Казимир побаивался пить русскую вудку. Знал, что бывает с теми, кто чрезмерно увлекается питием… А пили все, с кем он вышел из Польши. Ну и где они теперь? Кто зарублен, кто застрелен… А кто ушел под лед или сдох с голода… Но сегодня на душе было так пакостно, что он молча подставил кружку и так же молча выпил.
– М-м-м, – промычал Казимир, пробуя нежное мясо, таявшее во рту. Покрутив головой, одобрительно кивнул. – Бардзо смачно!
Запорожец удовлетворенно блеснул глазом. Очистив пару зубчиков чеснока, заботливо протянул атаману.
– З чисночком та з хлибом трэба исть, – наставительно произнес казак, который до сих пор не мог привыкнуть, что атаман не заедает мясо хлебом.
Наколов на кончик ножа очередной кусок и отправляя его в рот, пан Казимир вдруг выругался:
– Холера ясна!
– Це ше тэке, пане атаман? – вытаращился Янош, едва не пролив драгоценную влагу. Но, конечно же, не пролил ни капли.
Казимир вздохнул, показывая обнаруженное на клинке бурое пятно. Когда добивал Сергуню, забыл почистить. Оставив кружку, Казимир вытащил оселок и, только убедившись, что пятнышко исчезло, выпил. Эх, мало…
– Тэк пойдэ, пане атаман, то останимся мы з тобой вдвоим, – грустно сказал Янош, вытаскивая новую фляжку и разливая вудку.
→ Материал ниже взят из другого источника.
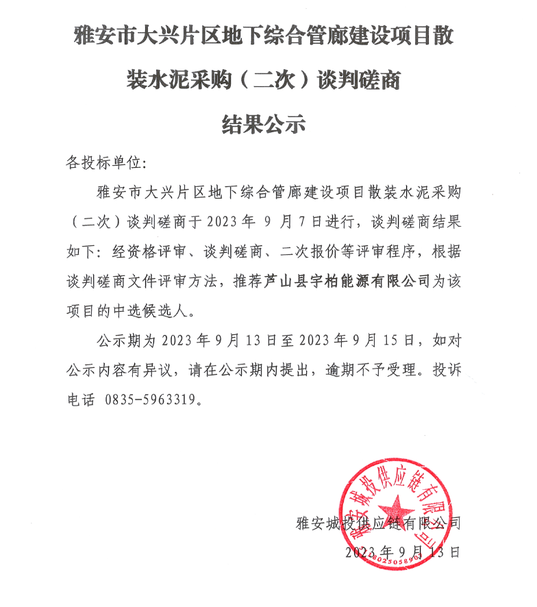 雅安市大興片區(qū)地下綜合管廊建設項目散裝水泥采購(二次)談判磋商結(jié)果公示

– Это вы правильно сказали, – вздохнул атаман. Вспомнилось, сколько погибло «первопроходцев», что пришли на Московию вместе с Димитриусом Первым (ну, нехай с Лжедмитрием)… Сколько добрых ляхов сложило голову в этой клятой Московии! Эх, а какие хлопцы были! А если вместо замка на Шехони ему тоже суждено сложить голову? И его, такого молодого и красивого, не будет… По мере опустошения второй фляжки атаману становилось уже все равно, что будет с ним дальше. Подперев щеку кулаком, он затянул песню, которой его научили в лагере Яна Болотникова:
Когда меня убьют на сече,А коршун будет глаз клевать,Мне будет, братцы дорогие,Уже на это наплевать!Когда я буду тлеть в канаве,А черви будут печень жрать,Мне будет, братцы дорогие,Уже на это наплевать!Не обессудь меня, боярин,Не выйду нынче я на рать,Теперь мне, братцы дорогие,Уже на это наплевать!Не будет у меня могилы,И не оплачет меня мать,Но верьте, братцы дорогие,На это тоже наплевать!– Э, пане атаман, це не дило, таки писни спивать – тильки беду накличите! – укоризненно причмокнул языком казак, пытавшийся встать на ноги. С первого раза не получилось, но отчаянный запорожец не сдавался. Для начала, утвердившись на четвереньках, Янош помотал башкой и с восхищением сказал: – Ох, добра горилка! Надо бы ишшо…
Глава вторая
Соловецкая обитель
Уже три ночи кряду отец Антоний лежал без сна, ворочаясь с боку на бок. К толстым доскам, поверх которых брошено грубое рядно, к полену в изголовье игумен давно привык. Постели ему сейчас перину, подложи под голову пуховую подушку – лежать бы не смог! Может, возраст сказывался, а может, тяжкие думы? Они, думы, одолевали отца Антония с тех пор, как из инока, желавшего принять Великую Схиму, он стал настоятелем. Сам не хотел, но была воля архимандрита – теперешнего митрополита Новгородского Исидора. Быть главным, хоть в малой пустыни, где и иноков-то человек пять – тяжкое бремя. А тут, на Соловках… Братии – душ четыреста. Трудники, что каждый год приходят в обитель, кто на покаяние, кто по обету – это еще два столька. Крестьяне монастырские (эти хоть за оградой живут!), если обоего пола считать – с тыщу. Стрельцы, что в святой обители службу несут. Народу на город наберется. А люди… Случись какая каверза, сразу к отцу-игумену бегут. Кого-то не в срок на работу поставили, кому-то брат-книгохранитель книгу не дал, а кто-то с сотником полаялся. Да что мнихи да трудники? Вчера явилась баба из Архангельского городка, у которой муж на Грумант ушел, да так и не вернулся. Ревет – можно ли ейного Ваньку на соседской Маньке женить, если у девки пузо на нос лезет? А пузо, вестимо, не с ветру надуло. Делать больше нечего игумену, как разбирать их обиды! А не разобрать нельзя. Приходится разбирать, рядового стрельца с сотником мирить и, после должного покаяния, Ваньку на Маньке женить. Люди ж кругом. Ну, а кто же без греха?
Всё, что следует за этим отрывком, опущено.